The World Bank Group should:

  • Recognize in the SCD the ongoing repression of critical voices in the country, noting how ongoing restrictions undermine sustainable development.
  • Emphasize in meetings about the SCD and CPF with government ministries and agencies the importance of meaningfully engaging with civil society organizations and creating an enabling environment for civic participation and social accountability. This would require ceasing arbitrary arrests and prosecutions of journalists and civil society activists and amending overbroad and vague laws used for these purposes.
  • Encourage the government to enhance access to information and subject decision-making processes to public discussion and input at all levels, and support it to do so wherever possible. Examples include community budgeting initiatives; public, meaningful consultations about proposed legal reforms; and the continued creation of independent oversight bodies when needed.
  • Ensure that affected communities and nongovernmental organizations fully participate in the development of the SCD, ensuring that:

o   Project documents are available in local languages, as well as Uzbek, Russian, and English. The SCD should also be translated into minority languages, at least into Karakalpak, which is a recognized regional language;

o   Consultations are conducted with affected people in a local language with an appropriate interpreter; and

o   Consultations are fully accessible.[xvii]

2. Key Human Rights Concerns that Present Challenges to Uzbekistan’s Development Goals
The World Bank Group should include in the SCD a frank analysis of Uzbekistan’s performance in the field of human rights. Therefore, we urge you to highlight the following challenges that remain and are some of the most critical and pressing issues in ending extreme poverty and promoting shared prosperity in Uzbekistan.

Torture of Prisoners and ‘Incommunicado’ Detention
Uzbek authorities frequently practice torture in prisons and detention facilities, as shown by the previous example of human rights activist Elena Urlaeva (See Section 1). Indeed, in November 2013, the United Nations Committee against Torture stated that torture is “systematic,” “unpunished,” and “encouraged” by law enforcement officers in Uzbekistan’s police stations, prisons, and detention facilities run by the SNB. Methods include beating with batons and plastic bottles, hanging by wrists and ankles, rape, and sexual humiliation. The recent accusations by Gulnara Karimova, the president’s daughter, about SNB officials’ use of torture brought to the fore these politically sensitive topics. [xviii]

Although authorities introduced habeas corpus in 2008, there has been no perceptible reduction in the use of torture in pre-trial custody or enhanced due process for detainees. Authorities routinely deny detainees and prisoners access to counsel, and the state-controlled bar association has disbarred lawyers that take on politically sensitive cases.[xix] Judges routinely ignore torture allegations, admit torture-tainted evidence, and convict solely on the basis of confessions.[xx] As a result, thousands of people have been convicted on overly broad charges of extremism in closed trials, which are often based on confessions procured through the use of torture and without the presence of independent counsel.[xxi]

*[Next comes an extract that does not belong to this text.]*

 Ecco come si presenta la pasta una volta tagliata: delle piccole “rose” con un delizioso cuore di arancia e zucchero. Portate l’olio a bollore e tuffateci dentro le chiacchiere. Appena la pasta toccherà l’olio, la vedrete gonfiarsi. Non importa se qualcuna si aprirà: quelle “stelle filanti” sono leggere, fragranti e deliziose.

The government has failed to meaningfully implement recommendations to combat torture made by the UN Special Rapporteur on Torture, the Committee against Torture, and the Human Rights Committee. Its approach overall to international expressions of concerns remains one marked by denial and obfuscation. For over a decade now, the government has ignored all requests for access by UN special procedures (currently numbering 13), and has rejected virtually all of the recommendations for human rights improvements that UN monitoring bodies and the Universal Periodic Review have made.[xxii]

Lack of Accountability and Justice for Past Crimes
For nearly a decade, the Uzbek government has refused an independent investigation into the 2005 government massacre in Andijan. On May 13, 2005, hundreds of largely peaceful protesters were killed by Uzbek government forces indiscriminately in the eastern city of Andijan.[xxiii] The massacre was one of the largest mass killings in the former Soviet Union outside of an armed conflict since the fall of Communism, driving hundreds of people across the border into Kyrgyzstan.[xxiv] It sent shockwaves around the world, highlighting the brutal human rights record of Uzbekistan’s authoritarian president, Islam Karimov.[xxv]

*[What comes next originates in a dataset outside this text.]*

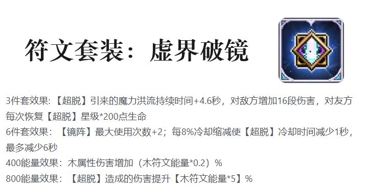 - 三重奏、业火为无效技能,本次不推荐携带。原因:三重奏雷弦刷新用处不大,如果为了感电感觉又多次一举;业火会扣冷却,导致【超脱】冷却变得很高,真空期大幅度拉长。

Authorities persecute anyone suspected of having witnessed the atrocities or who attempts to speak about them publicly. In 2014, Human Rights Watch confirmed that authorities in 2012 arbitrarily extended by 8 years the 10-year prison sentence of Dilorom Abdukodirova, an eyewitness to the massacre, following the common practice explained in Section 1. After fleeing to Kyrgyzstan in 2005, she settled in Australia. She was immediately arrested and imprisoned on her return in 2010, despite assurances she would not face prosecution.[xxvi]

During 2015, Human Rights Watch has interviewed many Uzbeks, most of them outside the country, who expressed fear about speaking on the record about the massacre, citing threats from the authorities to themselves and family members who remain in Andijan. They told Human Rights Watch that their relatives are still regularly called in for questioning. Some of their relatives reported being forced to sign statements that those who fled abroad after the massacre are terrorists.[xxvii]

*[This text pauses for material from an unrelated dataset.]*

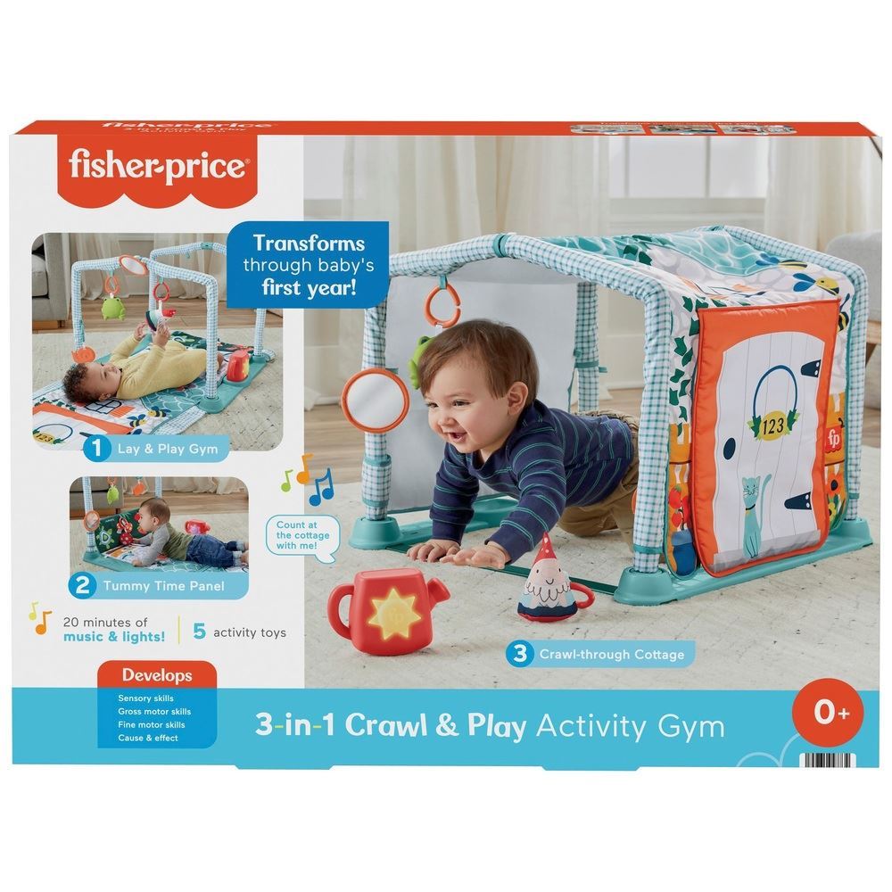 The Fisher-Price 3-in-1 Crawl & Play Activity Gym transforms through your baby" first year to keep playtime going as they grow up. First, the comfy play mat and overhead toys offer lay-and-play fun for newborns. Then, an extra panel folds up for tummy time fun with repositionable activity toys for engaging sensory play. Finally, the gym transforms into a cottage-themed, crawl-through tunnel with fun peek-a-boo surprises and a light-up musical toy watering can to "sprinkle" in some early pretend play.

Discrimination Based on Sexual Orientation and Gender Identity
President Jim Yong Kim has affirmed that “[the World Bank Group] will not reach [its] twin goals of ending extreme poverty by 2030 and boosting shared prosperity unless we address all forms of discrimination, including bias based on sexual orientation and gender identity.”[xxviii] He has also clearly acknowledged that “ending discrimination against LGBTI people matters: it matters for individuals and families; it matters for communities; it matters for development,” and that “this discrimination is a direct threat to achieving the goals of ending poverty and boosting shared prosperity.”[xxix]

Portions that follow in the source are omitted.